**Work task**
Copy the lines below, please, starting with the one that contains "Bilezik 22 ayar" and ending with the last. Pictures stay out.

BEGIN Input data

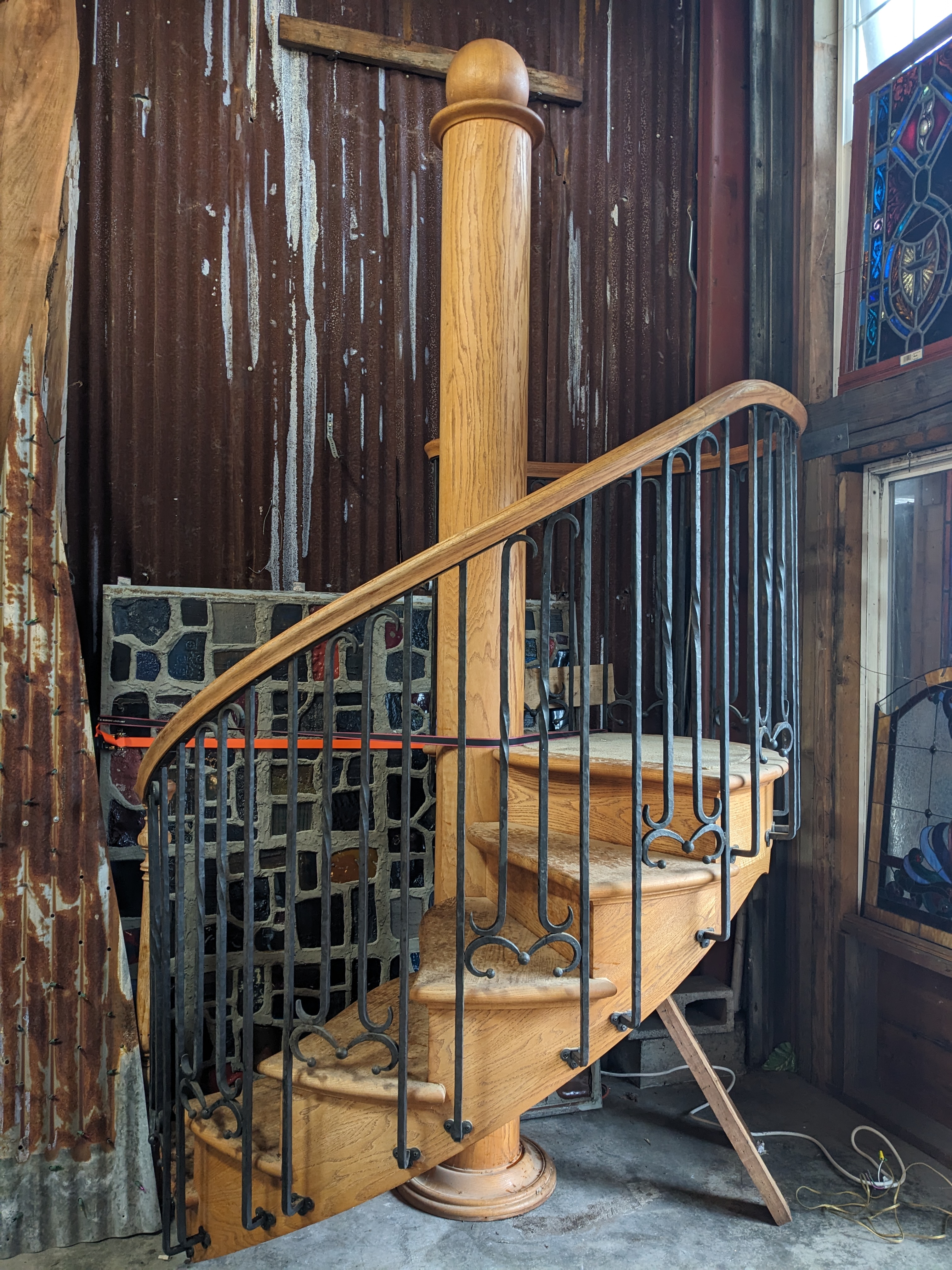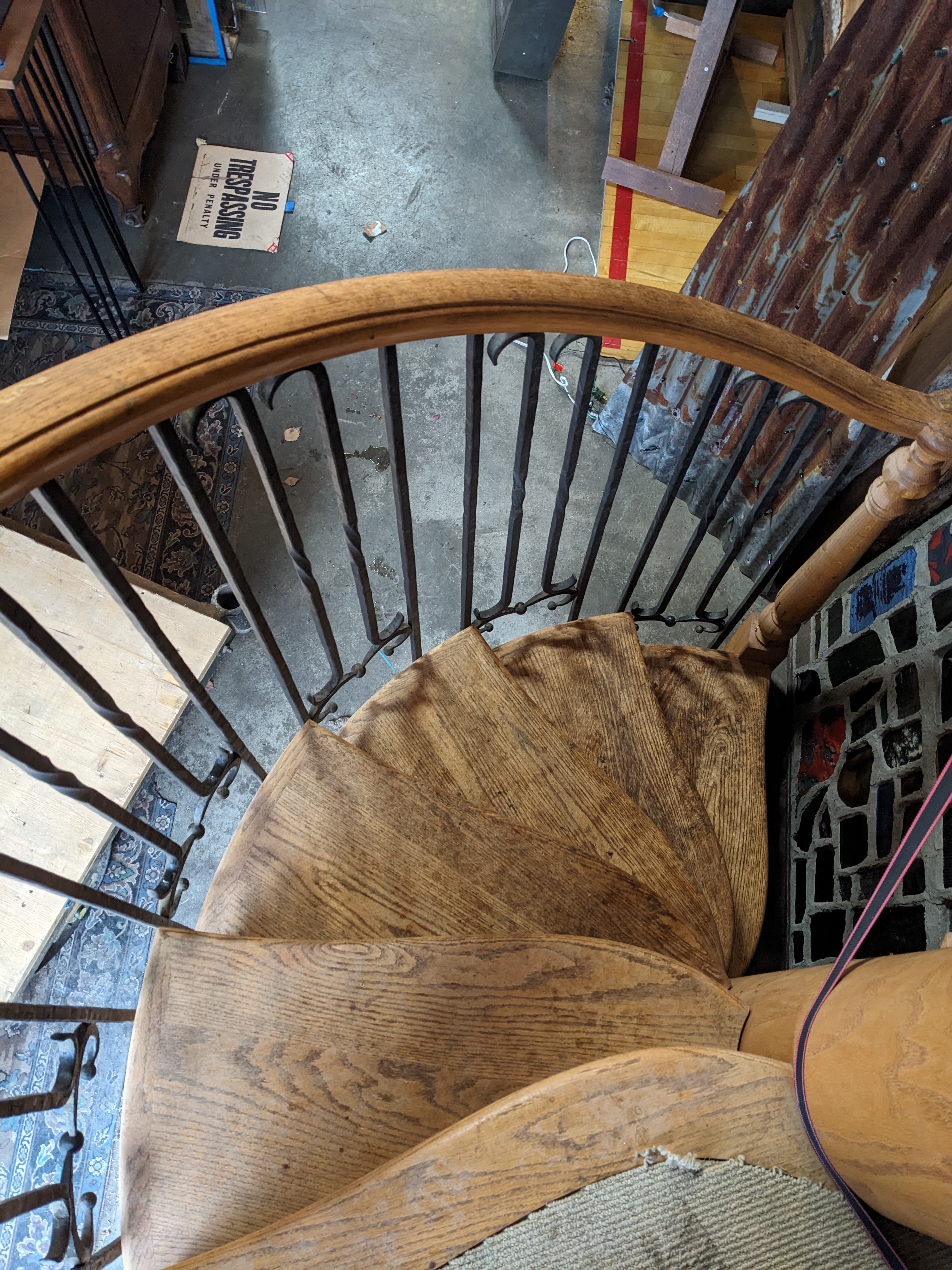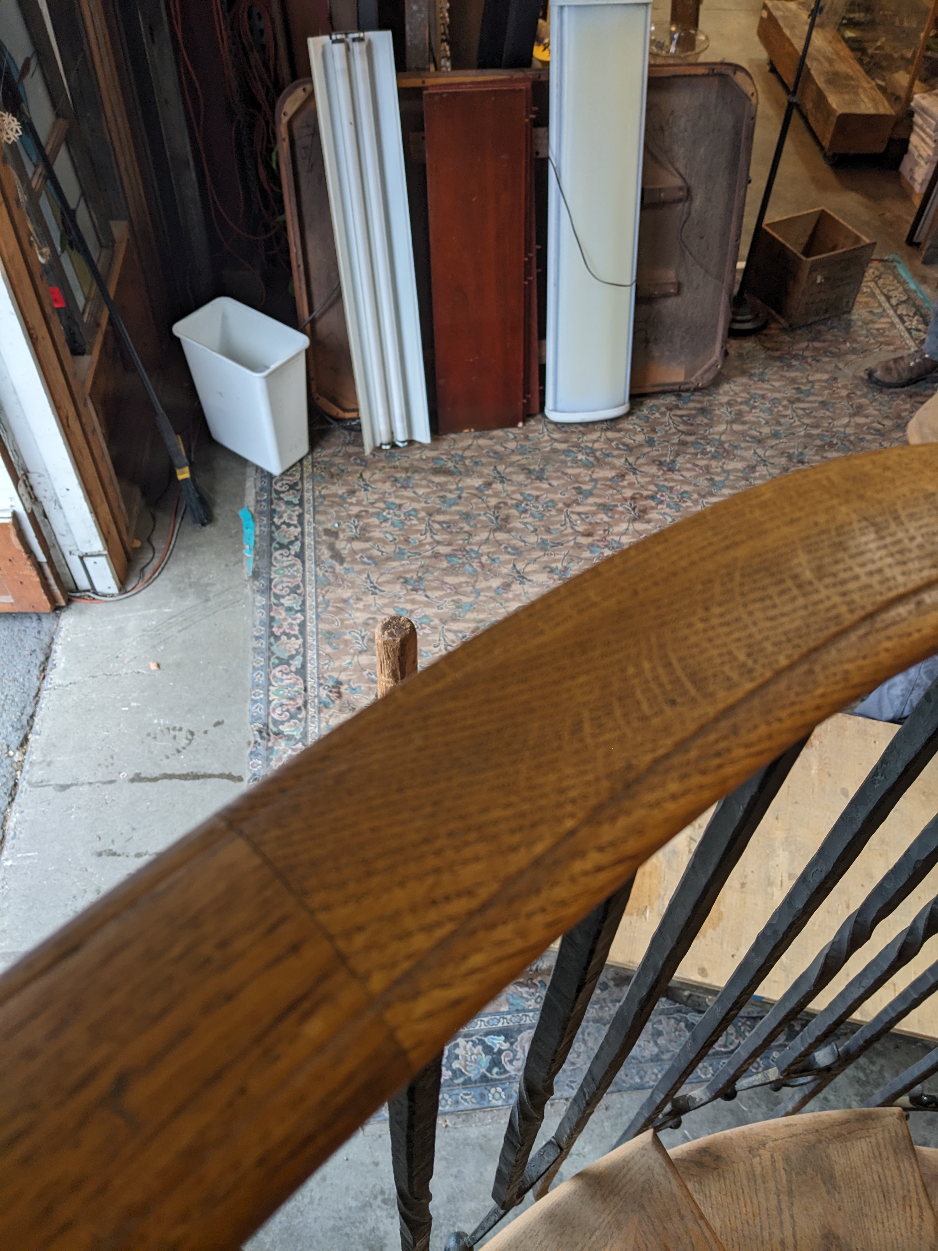 This beautiful 6 stair spiral staircase is sure to be a stunner, no matter how you utilize it. This piece features solid oak wood stairs and railing, with wrought iron spindles. It's in great condition with no damage present. The landing is carpeted and the carpet is also clean and in good condition but would likely need to be replaced to match your unique needs.
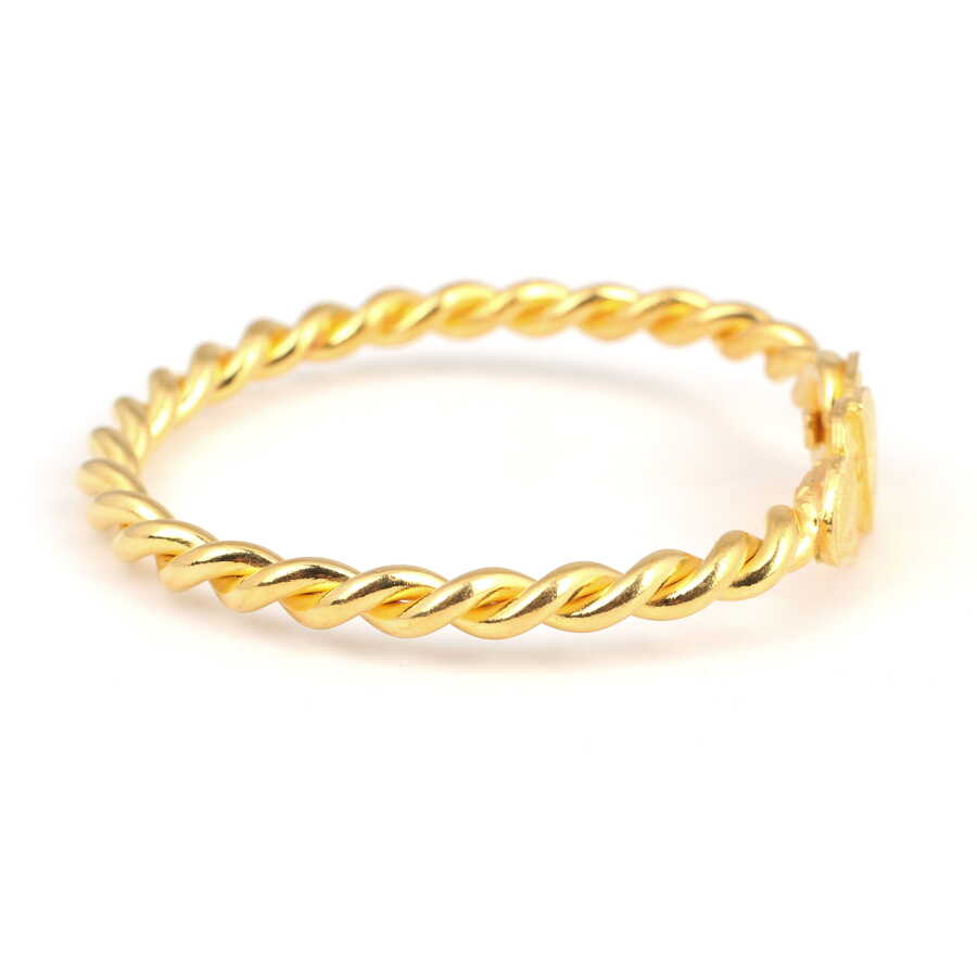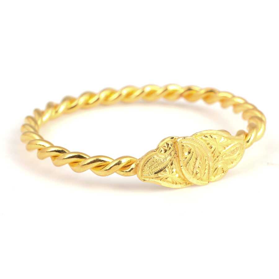Bilezik 22 ayar altından imal edilmiştir. Yaprak kaş Erzurum burma bilezik 6,0 cm çapındadır. Çift tel burma bilezik Ağırlığı 55,2 gramdır.
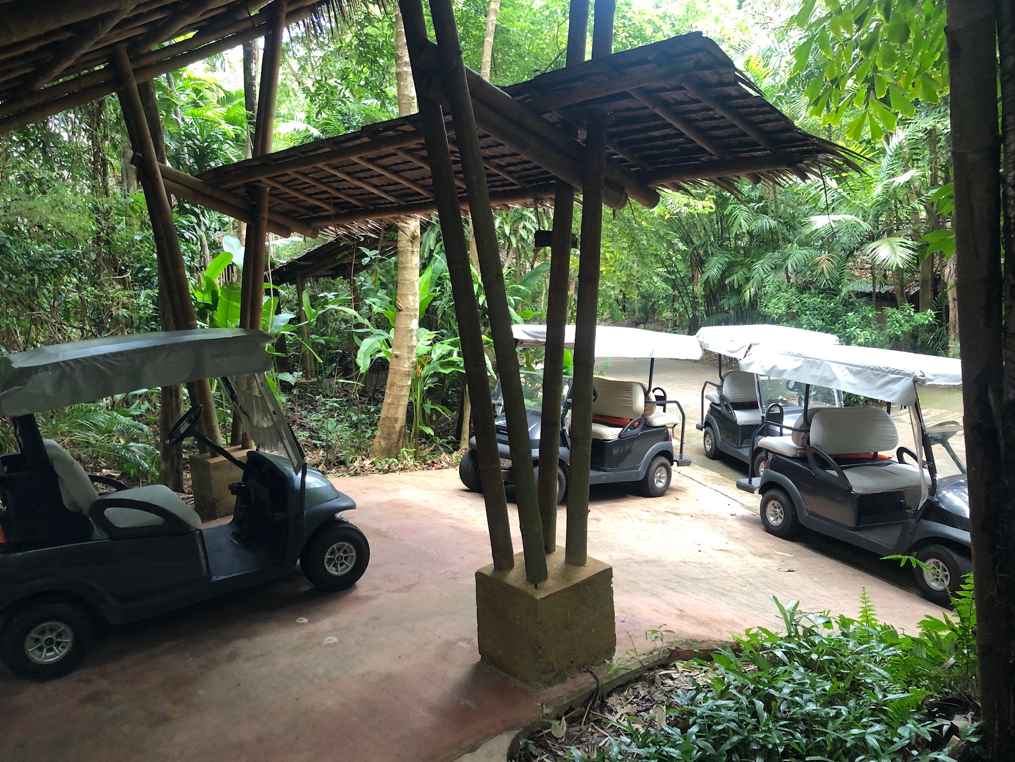 1. At anytime during the stay, you can request your butler to setup room service for your family in your villa. When that happens, our buggy golf cart parking situation (for a family of 12) looks like this outside 😀

END Input data

**Task answer**
Bilezik 22 ayar altından imal edilmiştir. Yaprak kaş Erzurum burma bilezik 6,0 cm çapındadır. Çift tel burma bilezik Ağırlığı 55,2 gramdır.
 1. At anytime during the stay, you can request your butler to setup room service for your family in your villa. When that happens, our buggy golf cart parking situation (for a family of 12) looks like this outside 😀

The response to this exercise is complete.